As we keep saying, the Kitten Bowl is Sunday, brought to you with much seriousness by the Hallmark Channel and hosted by NFL great Boomer Esiason. We’re glad they’re taking it seriously. We are, too. In the run up to the Kitten Bowl, we sent out a top expert in kitten football to get his scouting report on the players in the big game.
We did this.
Here is the Catster 2015 Kitten Bowl scouting report:
Not much to report. Squints slept in the equipment bag the entire game. One time she woke up and walked onto the field, and we thought we’d finally see what she’s made of, but she was only heading to the other side to use the opposing team’s litter box. A boss move, by the way. Really shook the other team.
This kitty can run — in fact, she never stopped, whether a play was on or off, whether she was in the game or not. Even when it was halftime she was out there doing circles, chasing God knows what. Could have been wind. If the league tests for catnip, she’s done.
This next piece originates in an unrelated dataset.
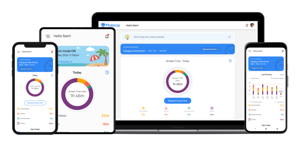 - Younger Kids: Family Link sets daily screen limits and enforces device bedtime, while Mobicip filters inappropriate websites and videos.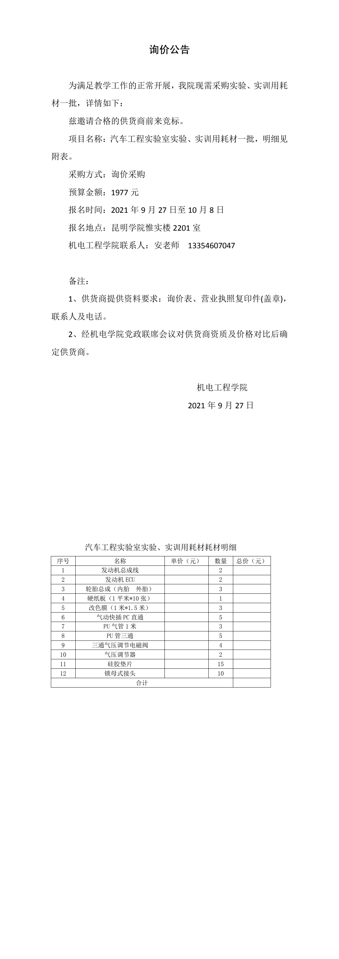 昆明学院机电工程学院关于“电气教研室课程设计耗材项目”采购的询价结果公示

Hard to tell if Aaron Pawdgers will be effective on game day or not, because he just sat off the side of 30 yard line and stared at the other team’s coach the whole time. Daggers, if you know what I mean. I had a cat like that once, and I couldn’t take a nap in my own home I was so freaked out. Put him with Squints, and you’ve got the ’56 Packers all over again. Horrifying.
Football is a game of warriors. A little camaraderie among teams, a little brotherhood, sure, for the sake of the fans, but seriously, spending the whole game on the other side grooming the opposing kicker will not fly in the Kitty Bowl. Alley is a lover. Maybe she should try badminton.
Hissing like a banshee at anyone who gets within a foot of you? I like it. Stray Matthews knows how to keep competitors at arm’s length. Just get her the ball and get her to her hiss her way slowly down the field, and you’ve recipe for winning. There might be some hurt feelings, but that never stopped Walter Payton.
Is there a position in football that involves sitting on the goalposts that I don’t know about? Because Steve here sat atop the uprights damn near the whole game, but he did so with such determination and effort that I began to wonder if Steve did in fact think he was not only participating but excelling in the game going on below him. Steve is a ripe candidate for some psychological study; perhaps less so for the game of football.
Correct if I’m wrong, but is sustained, obsessive grooming now part of the rulebook? Because I’ll be dammed if Spike did not just spend 60 minutes of regulation gametime licking his nethers while not five feet away his football team got hammered in the Kitty Bowl wildcard playoff game. They could have used his help. Course, he probably felt the same way about them. Probably wanted his team to stop playing football and gather around his private areas for a couple hours. Sometimes I hate kitten football.